Я узнала обеих, хотя видела их всего два раза в жизни. Впервые, когда мне было лет шестнадцать, и я пришла прочить помощи у своего отца. Второй раз лет восемь или девять спустя, на премьере спектакля «Мастер и Маргарита», где я играла главную роль. Два лица – молодой девушки и женщины средних лет, с одинаково сощуренными глазами цвета свинца, выпяченными нижними губами, недаром показались мне схожими. Прячась во Франции, я ожидала встретить кого угодно, но только не их.
– Вот уж не ожидала тебя тут увидеть, – сказала Лариса, и обшарила меня острым как скальпель взглядом. Я холодно улыбнулась.

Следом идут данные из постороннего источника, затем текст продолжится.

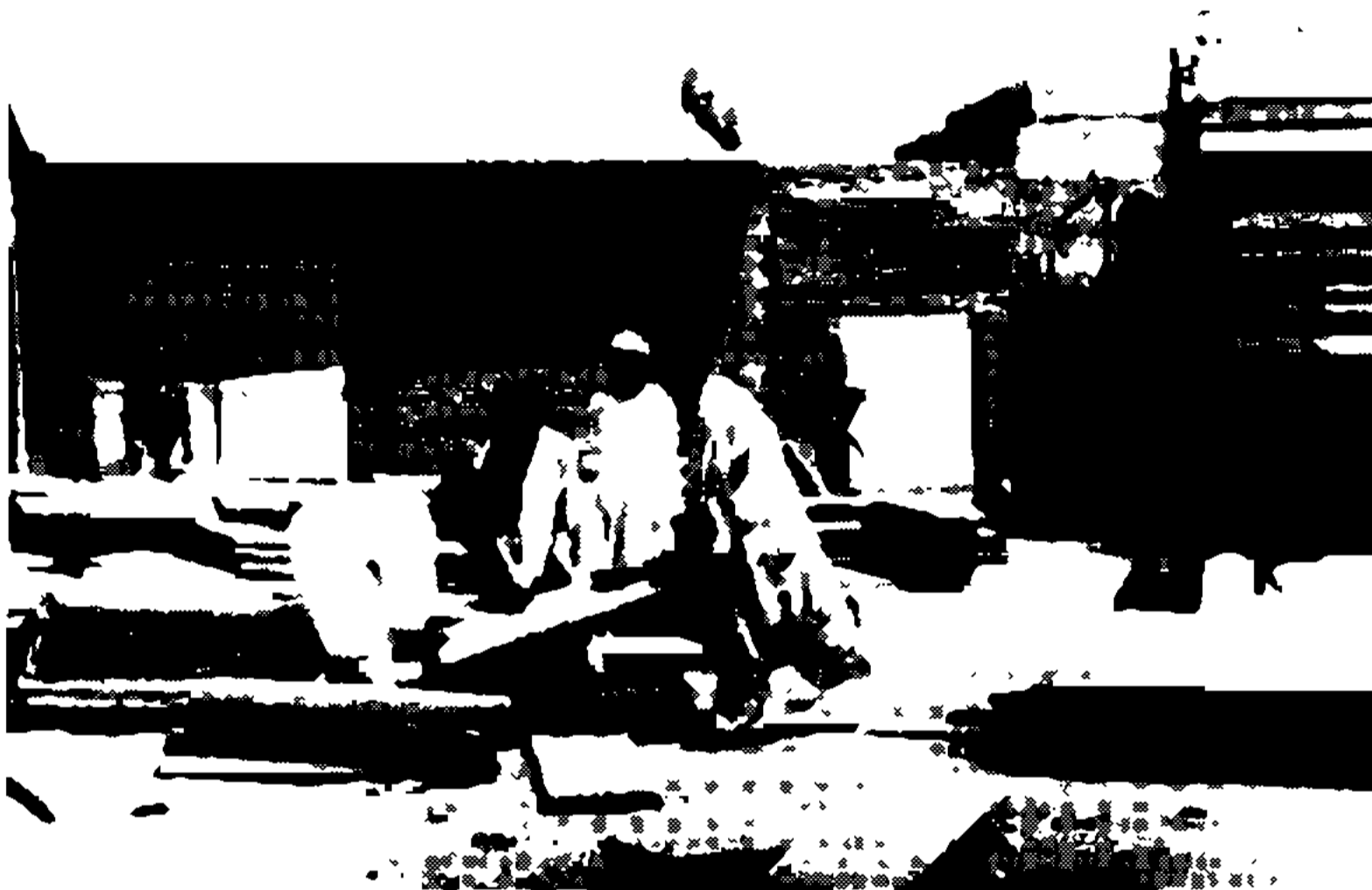
Nº2 Transportation of concrete latrine slabs from the slab factory for distribution to the villages.
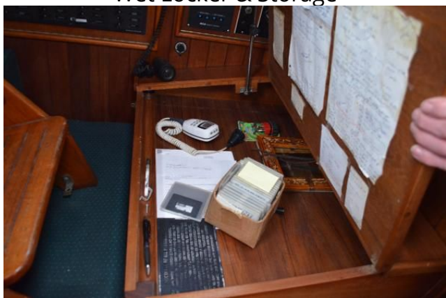
Lift Up Chart Table

Мачеха выглядела не слишком хорошо. Трудно ждать изящества от бабы, таскающей ящики с фруктами, но во всем ее облике скользила неустроенность. Ее дочь выглядела немногим лучше. Я вспомнила об отце и сжала кулаки.
– Что ты тут делаешь? – спросила Лариса.
– Приехала навестить знакомую, – сказала я, махнув рукой в сторону больницы. – Она тут лечится. А вы?
– А мы тут живем. Работаем вот помаленьку… Ты узнала Людочку?
– Здрасьте, – процедила Людочка. Я скупо кивнула.
– Геночка-то умер, – плаксиво протянула Лариса, и даже сделала попытку утереть рукой совершенно сухие глаза. – Ты в курсе?
– В курсе, – сухо ответила я. – Мы с мужем устроили его в больницу, после того как вы бросили его на произвол судьбы.
В глазах Ларисы вспыхнула ненависть. Людочка уставилась на что-то за моей спиной. Обернувшись, я увидела Оливье, вышедшего из машины и жадно прислушивавшегося к разговору.
– А ты времени не теряешь, – ядовито произнесла Лариса, но я не стала ее слушать и отступила к машине. Оливье уселся рядом, и я рванула с места так, что осенние листья, устилавшие дорогу, взметнулись вверх в причудливом вихре.
Анна очень обрадовалась букету. Сидя в кресле на веранде, она близоруко щурилась, разглядывая топтавшегося на месте Оливье, и даже заговорщически подмигнула, но у меня не было настроения поддерживать беседу. Визит к ней я сократила до минимума, сославшись на занятость. Анна не возражала. После процедур она выглядела очень утомленной. Пообещав приехать к ней завтра, я торопливо простилась.
Всю обратную дорогу до Парижа Оливье был невероятно тих и задумчив, искоса глядел на меня, не решаясь заговорить. И только когда я остановилась перед его домом, он повернулся ко мне. Я молчала, понимая, что разговора не избежать, сжавшись внутри в нервный комок.
– Ты странная девушка, Алиса, – негромко сказал он. Я промолчала. Оливье долго ждал ответа, потом вытащил сигареты и закурил.
– Знаешь, на тебя ведь давно обращают внимание, и не только потому что ты – иностранка и очень красивая девушка. Ты правда красива. Думаю, ты могла быть актрисой.
Я усмехнулась. Вот так неожиданно Оливье попал в десятку. Кто бы мог подумать?
– Но ты все равно странная, даже для актрисы, – гнул он свою линию. – Я же знаю много актрис, начинающих и даже уже известных. Они все немного сумасшедшие. Ты – не такая, и твоя игра куда сложнее. Она загнана внутрь.
Я молчала, надеясь, что он уйдет прежде, чем мне придется попросить его это сделать. Но он сидел, как приклеенный, пускал дым в окно и говорил, говорил, интуитивно находя бреши в моей броне, казавшейся такой надежной.